You need to comment out that line which is obsolete line=00107 ServerManager.F90

Wow, I think I fixed the problem. During troubleshooting of the original hang I opened this issue for, I linked my run output directory to a shared volume on my cluster. It turns out this volume is only 20GB. I'm not sure how this happened given my cluster configuration settings indicate I requested this volume to be 200GB. Sending output to the standard volume works perfectly. I'm still required to enable the oserver, but a single node or 2 is sufficient for writing our standard set of History diagnostics (still testing to figure out how many nodes / servers I need to use if I want to write all History). Thank you very much for your help troubleshooting.

I've done a lot of testing with different MPI versions / implementations and different libfabric versions to try to pin down why / when a dedicated oserver is required when running GCHP on AWS EC2.

I confirmed that hangs/crashes with the EFA provider without extra oserver nodes still occur if I disable History but still write a checkpoint file. Disabling WRITE_RESTART_BY_OSERVER fixes this checkpoint hang (but the hang occurs at History write time as well if I re-enable History with this change).

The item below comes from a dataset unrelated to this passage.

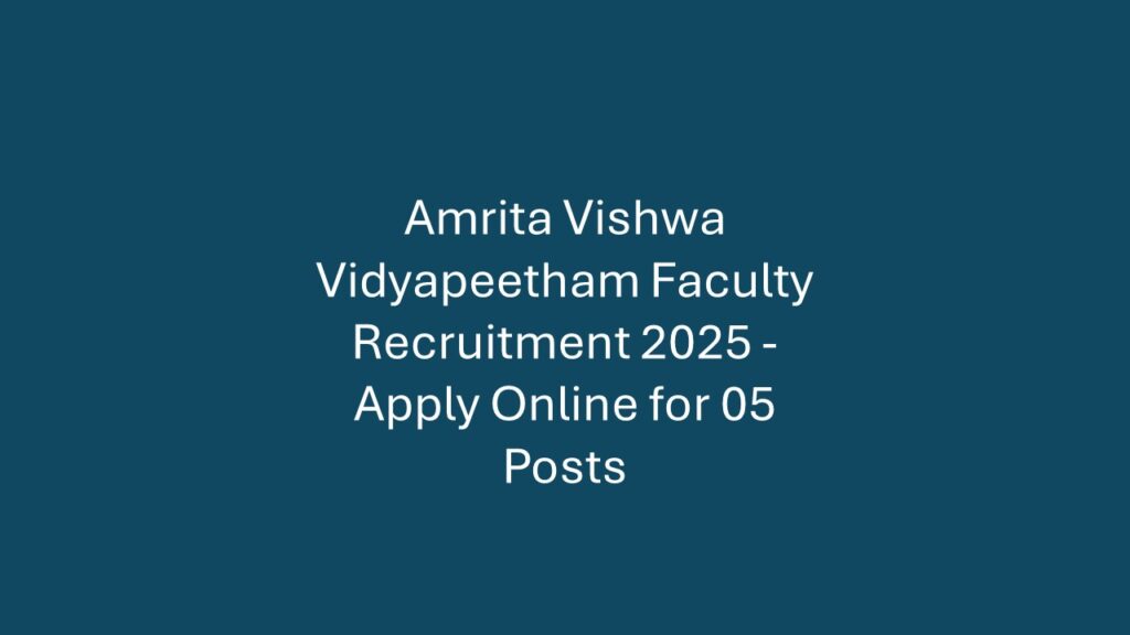 Overview Amrita Vishwa Vidyapeetham invites applications from qualified candidates for Faculty positions in Electrical & Computer Engineering at their Coimbatore

I also confirmed that using Intel compilers vs. GNU compilers makes no difference in the success of runs (tested with Intel oneapi 2021.2 compilers and gcc 9.3.0). I've tried using Intel MPI 2021.2 but have been failing at initialization with the following error:

pe=00159 FAIL at line=00310    MAPL_CapGridComp.F90                     <something impossible happened>
pe=00159 FAIL at line=00932    MAPL_CapGridComp.F90                     <status=1>
pe=00159 FAIL at line=00245    MAPL_Cap.F90                             <status=1>
pe=00159 FAIL at line=00211    MAPL_Cap.F90                             <status=1>
pe=00159 FAIL at line=00154    MAPL_Cap.F90                             <status=1>
pe=00159 FAIL at line=00129    MAPL_Cap.F90                             <status=1>
pe=00159 FAIL at line=00030    GCHPctm.F90                              <status=1>
pe=00181 FAIL at line=00310    MAPL_CapGridComp.F90                     <something impossible happened>
pe=00181 FAIL at line=00932    MAPL_CapGridComp.F90                     <status=1>
pe=00181 FAIL at line=00245    MAPL_Cap.F90                             <status=1>
pe=00181 FAIL at line=00211    MAPL_Cap.F90                             <status=1>
Abort(0) on node 159 (rank 159 in comm 0): application called MPI_Abort(MPI_COMM_WORLD, 0) - process 159

which is because for some reason it detects correctly that my CoresPerNode=36 but thinks that my npes=1. I have not tried out Intel MPI 2021.1.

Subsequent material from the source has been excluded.